Chera et al [4] reported excellent treatment outcomes of definitive radiotherapy (RT) for
early-stage squamous cell carcinoma (SCCA) of the glottic larynx. The median follow-up for
survivors was 12 years. Five-year Local Control rates were as follows: T1A, 94%; T1B, 93%;
T2A, 80%; and T2B, 70%. Multivariate analysis revealed that overall treatment time greater
than 41 days (p = 0.001) and poorly differentiated histology (p = 0.016) adversely affected
LC. Five-year rates of ultimate LC with laryngeal preservation were: T1A, 95%; T1B, 94%,
T2A, 81%; and T2B, 74%. Overall therefore there is a high cure rate.

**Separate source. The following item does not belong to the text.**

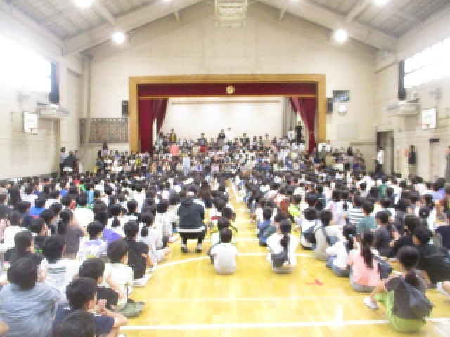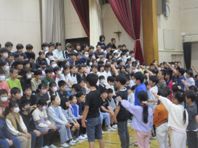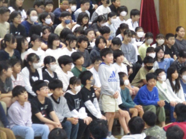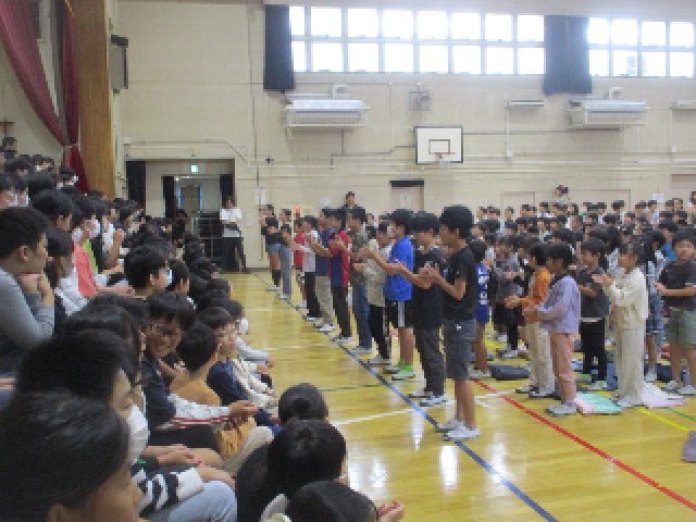 6年生全員が舞台前に整列し、出場種目ごとに紹介をしました。そして、5年生を中心に下級生が6年生にエールを送りました。そして、6年生の代表児童から御礼と決意の言葉が述べられました。

Endoscopic laser resection can also have an excellent outcome in early stage larynx cancer.
Schrivers et al [5]reported survival analysis on 100 patients with T1a glottic carcinoma
treated with CO(2) laser surgery (n = 49) or radiotherapy (n = 51). No significant
differences in local control and overall survival were found. Ultimate 5-year laryngeal
preservation was significantly better in the CO(2) laser surgery group (95% vs 77%, p =
.043). Patients with T1a glottic carcinoma with normal/diminished mucosal wave treated with
CO(2) laser surgery had a significantly better laryngeal preservation rate than patients
treated with radiotherapy.

Staging The larynx is divided into three anatomic regions: 1. Supraglottis (suprahyoid
epiglottis, infrahyoid epiglottis, aryepiglottic folds (laryngeal aspect), arytenoids, and
ventricular bands (false cords) )2, Glottis ( true vocal cords, including anterior and
posterior commissures) and 3. Subglottis ( subglottis, extending from lower boundary of the
glottis to the lower margin of the cricoid cartilage) Volatile organic compound (VOC) breath
testing in cancer detection The concept for VOC testing is that VOCs, mostly alkanes and
aromatic compounds, are preferentially produced and exhaled by cancer patients and can be
used as accurate markers of malignancy[14,15]. As early as 1971, testing on normal breath
identified more than 100 volatile organic compounds[15] In the 1980s Gordon and Preti used
mass spectroscopy and gas chromatography to identify specific alterations in the profile of
volatile organic compounds in the breath of lung cancer patients[16]. In two papers in 1999
and 2003, Phillips further refined this original data to identify a group of 9 volatile
organic compounds which were highly sensitive and specific for the presence of lung cancer
[13,17]. The concentration of these alkane and methylalkane oxidative stress products was
reduced in the breath of lung cancer patients. The mechanism of this alteration in breath
volatile compound profile in lung cancer is unknown. One hypothesis is that lung cancer
patients have accelerated clearance of VOCs generated by oxidative stress, and that this is
due to heightened production of cytochrome p450 as a result of exposure to tobacco smoke
components in genetically predisposed individuals. Whatever the mechanism, the potential of
VOC breath testing in early case finding warrants further investigation.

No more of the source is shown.